On September 1, 2012, CMS implemented the prior authorization (PA) for power mobility devices (PMDs) demonstration in seven states: Cal., Fla., Ill., Mich., N.C., N.Y. and Texas. CMS claims that spending per month on power mobility devices in the seven demo states has decreased since September 2012, as has spending per month on power mobility devices in the non-demo states. Looking at the statistics provided by CMS, it appears that roughly half (50% to 52%)of requests during the first year of the demonstration were non-affirmed, with the basis for the denials that the beneficiaries do not qualify for the benefit based on the documentation submitted. On April 4, 2014, CMS requested approval to expand the PA Demonstration for PMDs to 12 additional states. Are you ready MD, N.J., Pa., Ind., Ky., Ohio, Ga., Tenn., La., Mo., Wash. and Ariz.?

In a stealthy scouting move during 2012, CMS also signed a five-year contract with Strategic Health Solutions, LLC, a supplemental medical review contractor (SMRC), to perform reviews aimed at lowering improper payment by determining whether Medicare claims were billed in compliance with coverage, coding, payment and billing practices. In a move that should be lauded by the DME industry, Strategic is paid by CMS based on a flat fee arrangement; that is, unlike the Recovery Audit Contractors (RACs), SMRC is not paid a contingency fee for alleged overpayments. SMRC work is also not intended to overlap with that of RACs, but as seen below, their work has inevitably overlapped, causing inefficiencies.

CMS directed one of SMRC’s initial focuses to be post-payment medical review of PMD claims from those states not included in the demonstration project. These post payment reviews were to determine whether the claims submitted were billed in compliance with the PMD policies. The post-payment reviews were not to be limited to K0823; CMS directed SMRC to include all power mobility devices, including complex rehab. The project consisted of a random sampling of 1,200 claims—300 claims per the four DME MAC jurisdictions. SMRC was supposed to conduct their post payment review on claims that had not been audited by another contractor, yet 369 of the 1,200 claims (31%) had previously been reviewed by another Medicare contractor. The 831 remaining claims from this initial sampling with dates of service July 1, 2011—December 31, 2012, revealed an overall total error rate of 60%.
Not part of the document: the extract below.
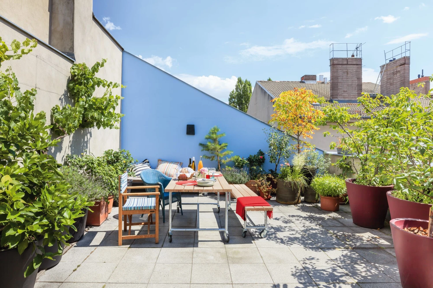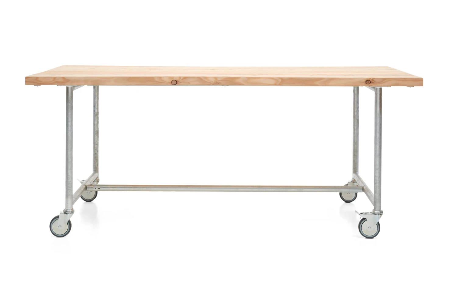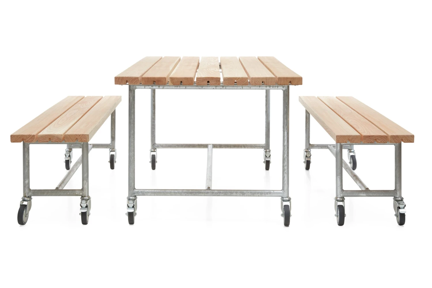 Robuust en uiterst duurzaam: JÜTLAND laat op het eerste gezicht zien waartoe het in staat is met zijn industriële constructie. Het thermisch verzinkte stalen frame en de planken van onder druk geïmpregneerd massief hout trotseren het weer. De tafel en de bijbehorende bank zijn gemakkelijk te verplaatsen op het erf en in de tuin op hun gedeeltelijk vergrendelbare wielen. De meubelen worden gedemonteerd geleverd – het stalen frame en de planken moeten afzonderlijk worden gemonteerd.

CMS posted an update to its website on February 18, 2014, explaining the wind-down of current outstanding claim reviews to finish out the current recovery auditor’scontracts.The rational for this wind-down was time needed to prepare for the next round of RACs. It is important to note that on March 7, 2014, CMS posted an update reminding providers the Recovery Audit Programs would continue to conduct automated reviews through June 1, 2014. Two RACs have filed “pre-award” protests with the Government Accountability Office (GAO), regarding some of the changes planned by CMS for the next round of five-year RAC contracts. CGI Federal and HMS Holdings (which owns HealthDataInsights) object to CMS’s changes to the next RAC installment. CMS said it would, among other things, revise the number of medical records that RACs can request from providers, reducing them for providers with low claim denial rates, and not pay RAC contingency fees for overpayments until it was clear they would survive the second level of appeal.
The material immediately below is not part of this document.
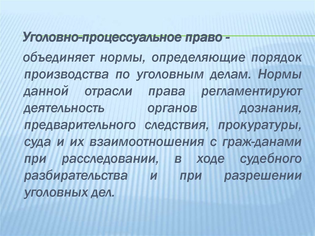 Уголовно-процессуальное право объединяет нормы, определяющие порядокпроизводства по уголовным делам. Нормы

If a RAC comes hunting at your company, could you withstand a 60% denial rate? Your company should take advantage of this wind-down time to gear up. CMS is attempting to make its hunting trips as profitable as possible, therefore high-risk providers will be targeted. In other words, failing an audit increases the chances of another audit in the near future. In order to pass audits it is important to ensure that all face-to-face documentation is compliant before delivering the equipment. Encouraging your referral sources to use an algorithmic face-to-face program ensures that medical necessity policies are followed and equipment that is vended will pass muster.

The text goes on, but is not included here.